How Do You Calculate the Maximum Force on Stacked Blocks Without Slippage?

[Speedking96]

Homework Statement

Two masses M1 = 4.00 kg and M2 = 7.10 kg are stacked on top of each other as shown in the figure. The static coefficient of friction between M1 and M2 is μs = 0.430. There is no friction between M2 and the surface below it.

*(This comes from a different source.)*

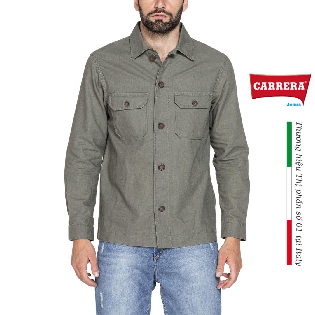 Áo khoác sơ mi vừa vặn mềm mại bằng vải lanh cotton, có túi phía trước, mặc ngoài áo thun để có phong cách thể thao thời thượng.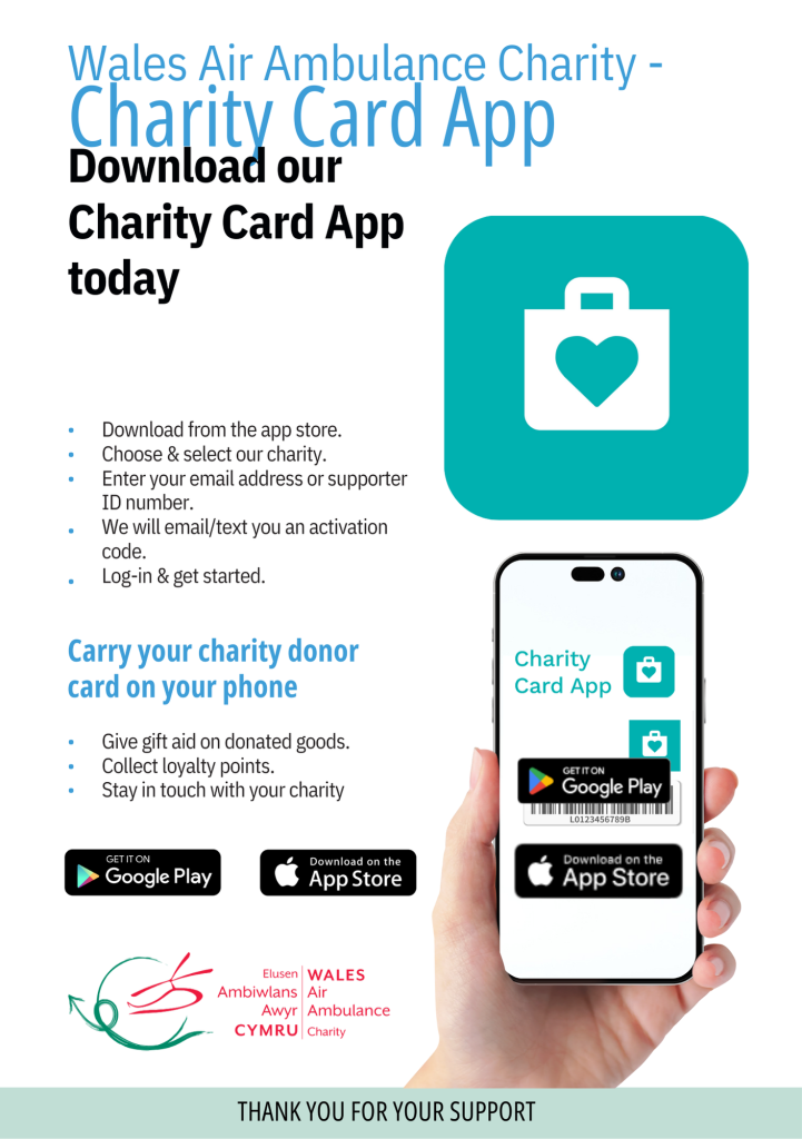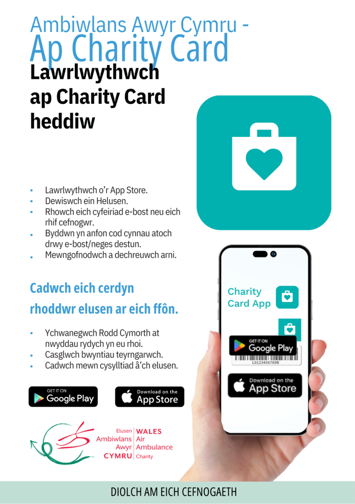 Lawrlwythwch ap y cerdyn elusen a chael eich cerdyn rhoddwr elusen ar flaenau eich bysedd.

What is the maximum horizontal force that can be applied to M2 without M1 sliding relative to M2?

Homework Equations

F=ma

Ffriction = μFnormal

The Attempt at a Solution

For the 4 kg box:

Fnet = ma
Ff=ma
μmg = ma

μg=a
(0.43)(9.81) = a = 4.23 m/s/s

I understand that this must be the acceleration for the whole system, but when I calculate the max force, do I do it for the whole system's mass or for the 7.10 kg box only? Why or why not?

 

[physicsboy121]

Draw a free body diagram for the other box as well. Also, write the net force equations in the x and y directions.

 

[Speedking96]

Draw a free body diagram for the other box as well. Also, write the net force equations in the x and y directions.

For the y-direction:

∑forces = 0 ; since the object is not accelerating in that direction

For the x-direction:

Fnet= Fapp

Fapp=ma= (7.10)(4.23) = 16.88 Newtons

But, when we are applying the force to the lower box, aren't we essentially pushing the whole system? Therefore, shouldn't the mass of the whole system be considered?

 

[physicsboy121]

You are missing one force on the FBD you just drew. And instead of F normal of the system, I suggest that you think it as F12 (i.e. force of mass 1 onto mass 2) Also the friction force on the FBD of your initial post should be pointing in the other direction.

 

[Speedking96]

You are missing one force on the FBD you just drew. And instead of F normal of the system, I suggest that you think it as F12 (i.e. force of mass 1 onto mass 2) Also the friction force on the FBD of your initial post should be pointing in the other direction.

Is it the static friction of the top box?

 

[physicsboy121]

correct

 

[Speedking96]

correct

Fnet=ma
Fapp-Ff = ma

Fapp - μmg = ma

Fapp = ma + μmg

= (7.1)(4.23) + (0.43)(4)(9.81) = 46.91 Newtons ?

 

[Speedking96]

I don't know how to approach problems that deal with multiple masses. Frustrating.